A Game of Hot Pumpkin, or How I Was Left Holding the Chinese Remainder

In a game of Hot Pumpkin with $61$ people, the players count off clockwise upward from $1$ to $N$, eliminating the $N$th player and then then beginning again with the player to the left of the most recently eliminated. The integer value of $N$ is mutually agreed upon prior to beginning the game.

I start and say $1$, with the first eliminated player sitting $18$ spots to my left. Then Ricky starts up the next round and the person $31$ spots to her left is eliminated next. Zach both begins and is eliminated in the third round.

Based on the first three eliminations, what is the smallest value of $N$?

This game sets up as an example of the Chinese remainder theorem, which states that the system of congruences involved in this game, namely $$\begin{align*} N & \equiv 19 \mod 61 \\ N & \equiv 32 \mod 60 \\ N & \equiv 1 \mod 59,\end{align*}$$ has a single unique solution in $\mathbb{Z}_{59 \cdot 60 \cdot 61} = \mathbb{Z}_{215940}.$

For any two congruences, $N \equiv a_1 \mod n_1$ and $N \equiv a_2 \mod n_2,$ with $\text{gcd}(n_1,n_2) = 1,$ we can use Euclidean algorithm to calculate the integer solution to $$m_1 n_1 + m_2 n_1 = 1$$ that is asserted by B\'{e}zout's identity. From here, we note that $$N = a_1 m_2 n_2 + a_2 m_1 n_1 \mod n_1 \cdot n_2$$ is a solution to both congruences.

So in particular, we see that $(m_1, m_2) = (1, -1)$ is a solution to $61m_1 + 60m_2 = 1$ and hence $$N = 19 \cdot (-1) \cdot 60 + 32 \cdot 1 \cdot 61 \mod 61 \cdot 60 = 812 \mod 3660$$ is a solution to the first two congruences of our game of Hot Pumpkin.

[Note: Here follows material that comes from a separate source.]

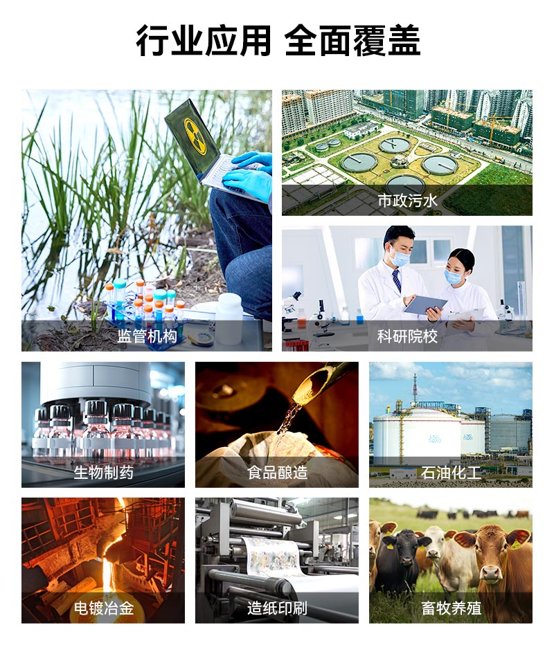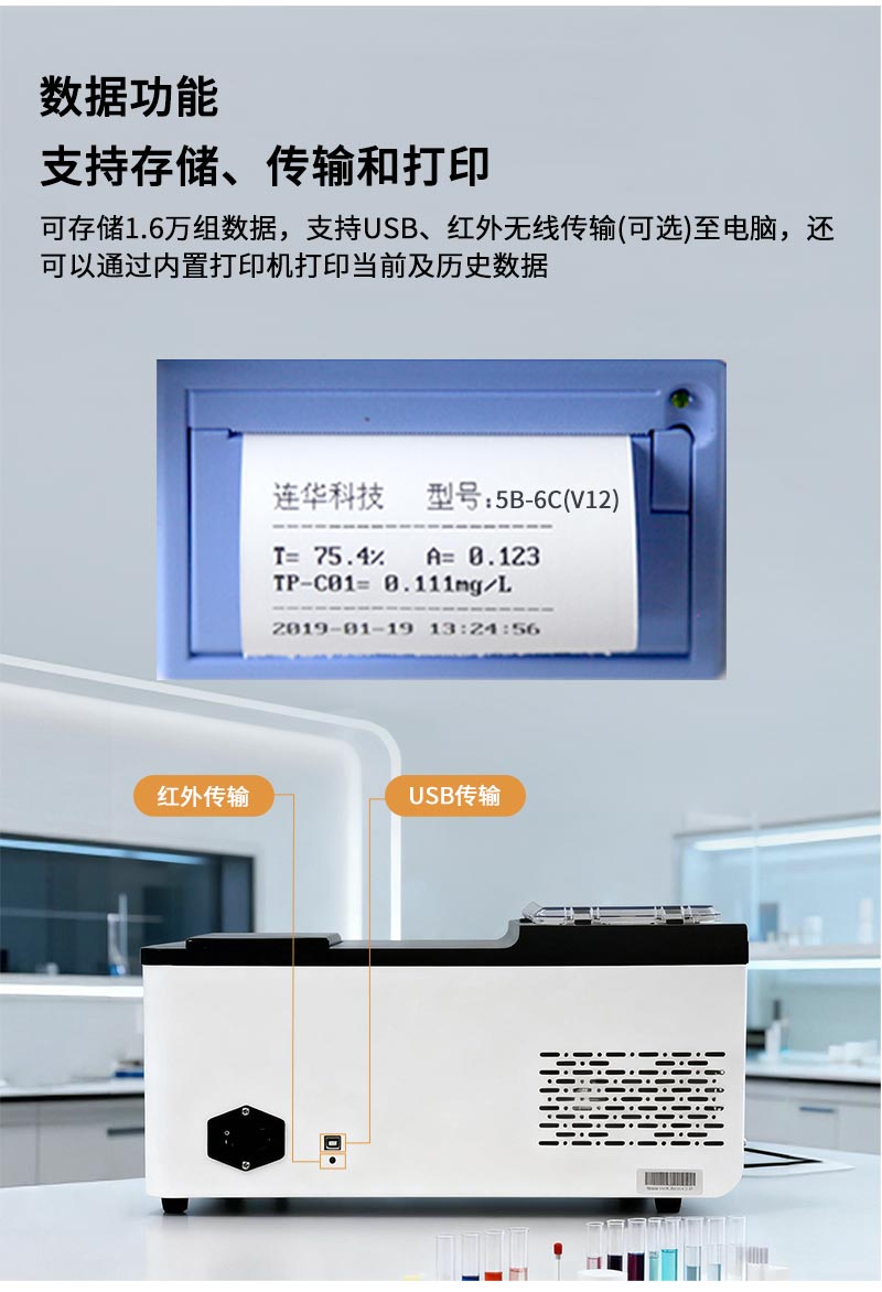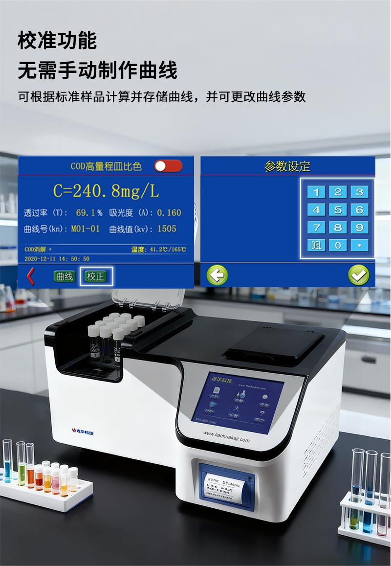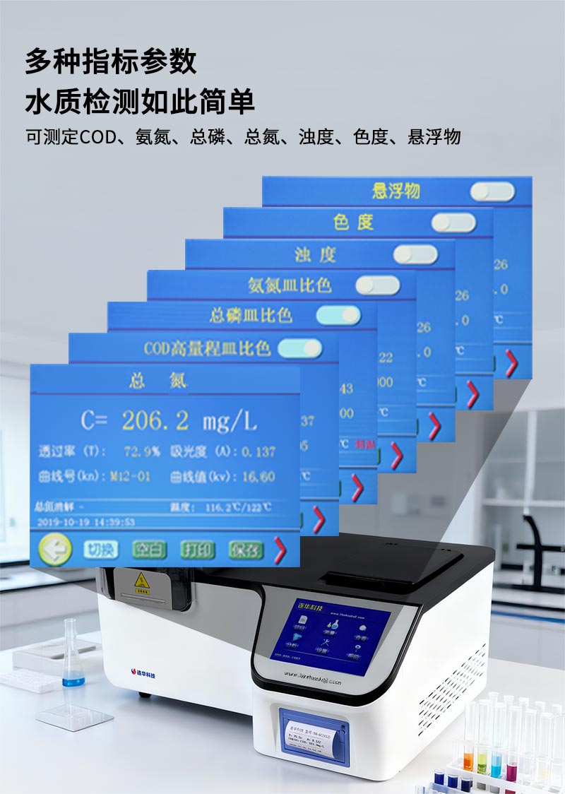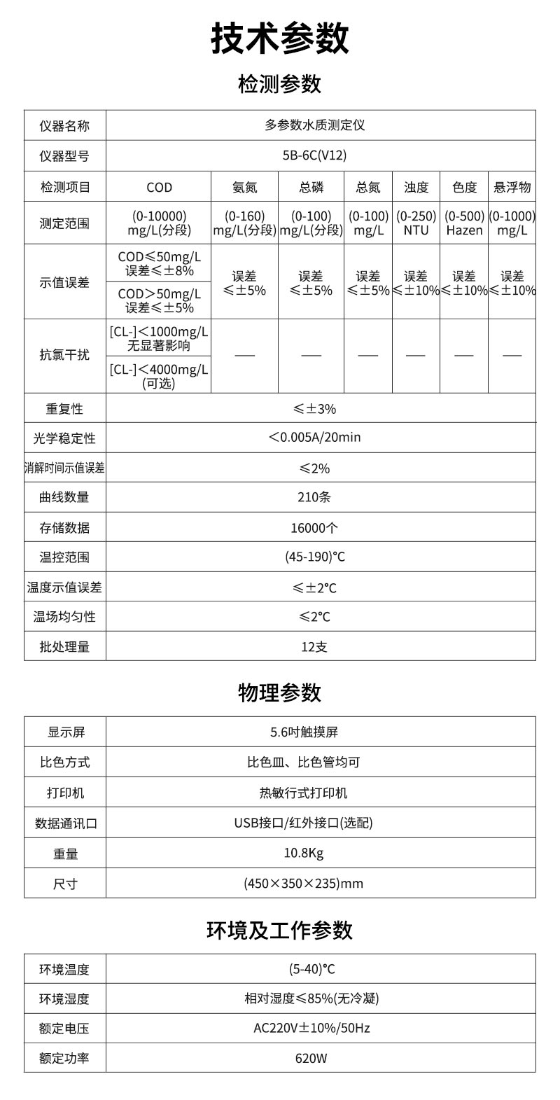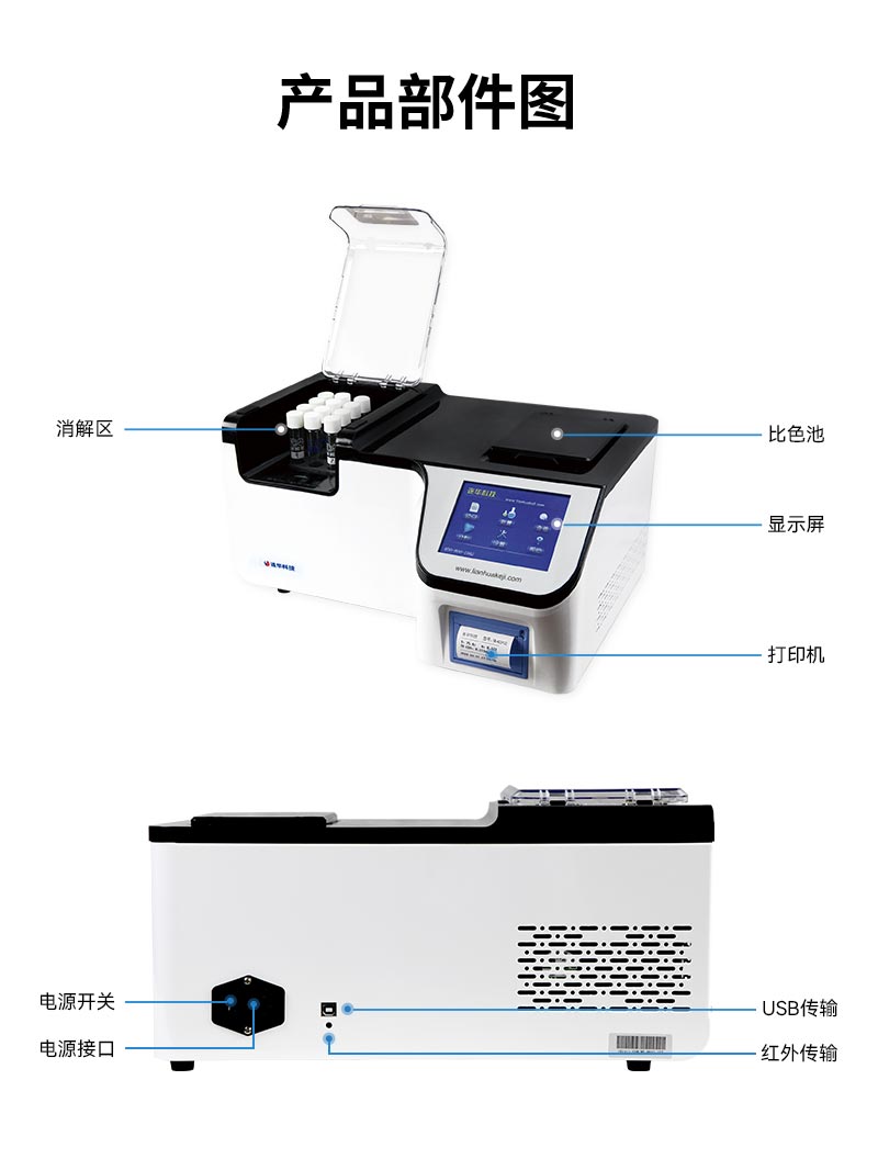 1.符合标准:设计上完全依据国家《快速消解分光光度法(HJ/T399-2007)》原理设计制造,符合JJG975-2002化学需氧量(COD)测定仪检定规程,适用于各种生活用水和工业废水的检测;2.多光路无干扰系统:具有多光路无干涉系统,可测定COD、氨氮、总磷、总氮、浊度、色度、悬浮物。支持皿比色和管比色两种比色方式;3.自带消解器:仪器自带消解器,具有智能升温、智能定时和延时保护等功能,可对水样进行消解;4.操作简单:采用直观的菜单导航系统以及5.6英寸的彩色触屏设计,符合日常操作习惯,更便于操作掌握;5.校准功能:仪器自备校准功能,可根据标准样品计算并存储曲线,无需手动制作曲线;6.测量准确:作为专业的水质测定仪,浓度直读,测量结果更准确稳定;7.数据传输:配备USB接口和红外传输功能,可向计算机传输存储的历史数据;8.数据存储打印:可存储1.6万组数据,并通过内置打印机打印当前数据和历史数据;

Continuing onward, we can use the extended Euclidean algorithm to find that the solution to $3660m_1 + 59m_2 = 1$ is $(m_1, m_2) = (-29, 1799).$ This gives the smallest possible solution to all three congruences as $$\begin{align*}N &= 812 \cdot 1799 \cdot 59 + 1 \cdot (-29) \cdot 3660 \mod 3660 \cdot 59\\ &= 86080352 \mod 215940 \equiv 136232.\end{align*}$$